Digamos que lo que me pareció más q’aima, sin gracia ni sabor, fue el asado de costilla, una redundancia culinaria: arroz, papa y chuño. No soy gran fan de esas conjugaciones de carbohidratos.

Hablemos del servicio, ese vastísimo regimiento. Son siete mujeres que embanderan el sabor en ese puesto ubicado en el Mercado 25 de Mayo o Mercado Antiguo, en la calle Jordán, muy cerquita de la plaza principal de la ciudad. Manipulan unas 12 ollas a la vista, las cuales tranquilamente contienen una cantidad de platos que puede superar la centena, créanme.

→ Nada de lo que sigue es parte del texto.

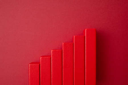 heart on wooden cubes arranged in bar graph shape on blue background, health concept

Allí, decenas de vendedoras de comidas entran en riña por los clientes cada día, pero sólo es el de Doña Blanca el puesto que incluso tiene filas de clientes que esperan ser acomodados de la manera más civilizada para degustar sus platillos. No siempre se logra.

Ellas, todas, son todo mimo, toda dulzura. Ellas, todas, son cocineras. A ellas, mis amores, mis canciones. Y de paso, te yapan refrescos de granos bolivianos. ¿Se puede ser más amoroso? No creo.

Hablemos del lugar, popular y codiciable como pocos. Claro está que como buen puesto de mercado, los lugares donde comer no son más que extensos taburetes de madera y largas mesas. Entonces, apretarse “culo con culo” es ley. Créanme, al probar su asado de cordero ya nada les importará, menos las delicadezas.

Cuando llueve en el lugar, todo el mercado es un desastre, ya que lo que evita su inundación, aparte de precarias calaminas, son unos risibles plásticos que hacen del lugar algo insalubre. Lo que más observaría es la presencia de músicos hippies, no por ser hippies sino por su pésimo gusto musical, como diría Capusotto “con sus ‘mañanas perfumadas de azahar ’ de Santaolalalalla”. Después, todo bien, los k a l uy o s son congruentes con las recetas.

Y bueno, ese fue mi paso por ese ícono de la gastronomía kochala. Probar su comida me hizo sentir que también puedo (y que incluso querría) ser presidenta de un país donde haya esa comida.